In another segment, researchers found a stone boundary monument that had been set as part of a 1928 resurvey, except it now stood near a tee on a golf course. Officials at the course had moved it years before so duffers could brag about their two-state tee shot. Using the original 1928 maps, advanced mathematics and some informed guesswork, the joint survey teams navigated to the exact spot where the monument had been uprooted, and even found its broken-off base.
By 2013, the entire 334-mile boundary had been relocated and re-marked. Unfortunately, it was not always where people had thought it was. Some residents living near the boundary discovered that their homes were in fact in a different state. A North Carolina doctor discovered that the room in his home where he sometimes saw patients was in fact in South Carolina, and worried he would have to get a South Carolina medical license.

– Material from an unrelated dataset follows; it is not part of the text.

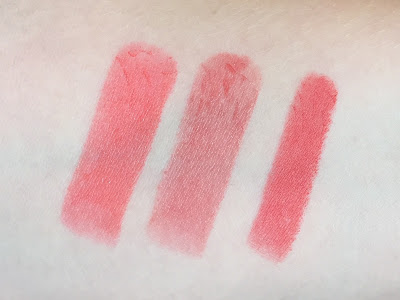 Here it is swatched between Maybelline Vibrant Mandarin (left) and Topshop Rio Rio (right). See how Vibrant Mandarin has a bright white base that Candy Apple and Rio Rio lack? Also, this photo makes me realize that CA isn’t that much sheerer than VM, which is not marketed as a sheer lipstick…

Fortunately, the two states had seen this coming, and the Joint Boundary Commission they formed to oversee the surveying began to catalog potential negative impacts. The commission sent letters and aerial photos to 173 landowners warning that their lives — and sometimes their addresses — could change, and asked for comments. Those comments are being used to shape legislation that should solve most of the resulting problems.

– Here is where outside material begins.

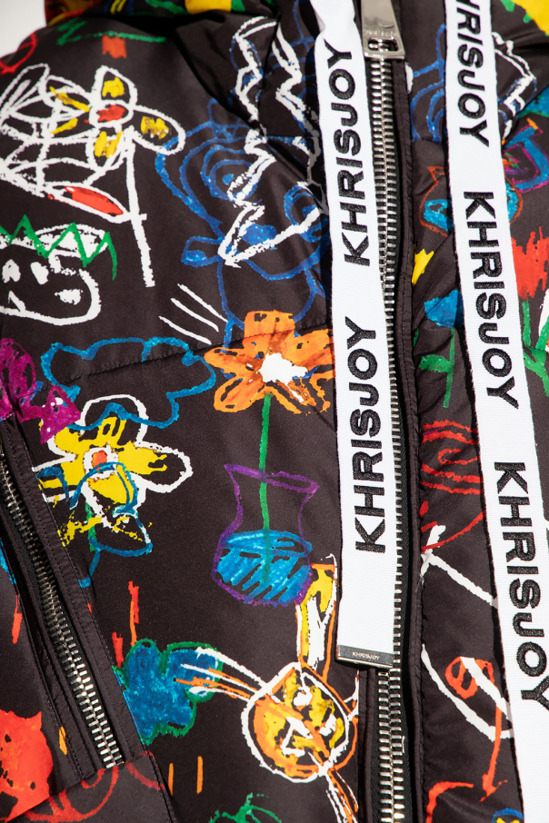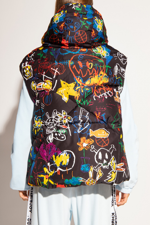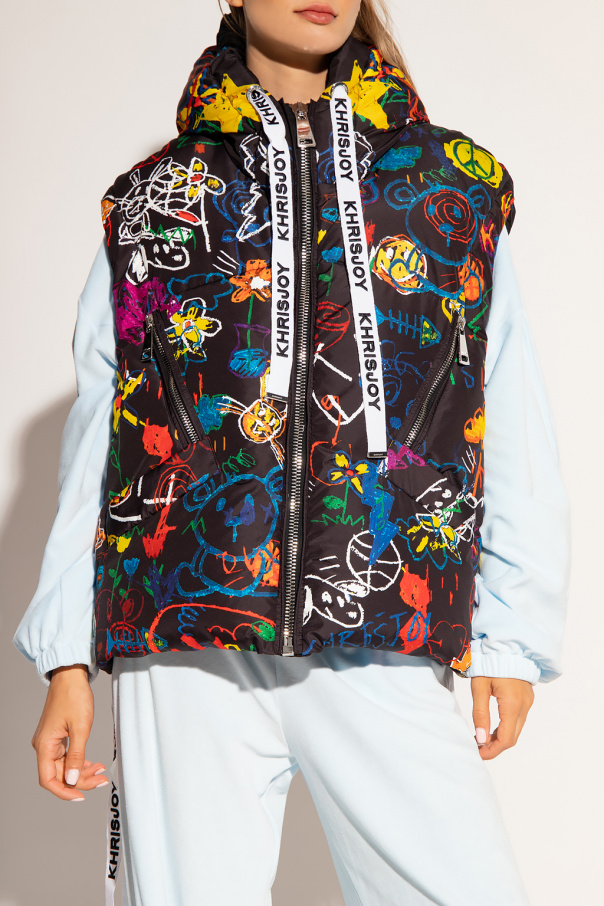 Black down vest from Khrisjoy. Crafted with an oversize silhouette, this style features a zip fastening, a colourful graphic print, four pockets on the front, including two flapped ones with zippers, and a hood and bottom hem cinched with signature branded drawstrings.

But an obvious fix is not in sight for Lewis Efird, who bought a gas station just south of what he thought was the state line in the early 1990s to take advantage of South Carolina’s significantly lower gas tax, as well as the ability to sell beer and fireworks. Unfortunately, the survey work showed conclusively that his pumps were in a part of North Carolina where gas is more expensive, beer sales are not allowed and fireworks are illegal. As he told commissioners in a public meeting, “Our business is going to be destroyed.”
The two states are expected to approve the boundary surveys and remedial legislation early in 2015, assuming they can solve Mr. Efird’s problem — several lawmakers have expressed concern over hurting a prominent small business. Whatever happens, the experience offers a potential model for interstate cooperation.

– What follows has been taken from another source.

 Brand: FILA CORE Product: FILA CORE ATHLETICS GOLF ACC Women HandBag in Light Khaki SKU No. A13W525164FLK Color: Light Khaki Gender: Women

The Carolinas have shown that cooperation is cheaper than litigation. Sidney C. Miller, the boundary commission’s co-chairman from South Carolina, said 20 years of boundary resurveying had cost his state just a fraction of the bills from the 1990 Georgia lawsuit, not to mention lower levels of stress and vitriol.
Their experiment has also worked because it was handled by professional surveyors and other experts, kept legislators in the loop and involved affected citizens. Not all of them will be happy, but the public-hearing schedule, as well as a legislative-approval requirement, has kept the process transparent and minimized political intrigues.
Clearly, when you let able professionals handle complex problems and offer science-based solutions to well-informed politicians, anything is possible, even in 21st-century America.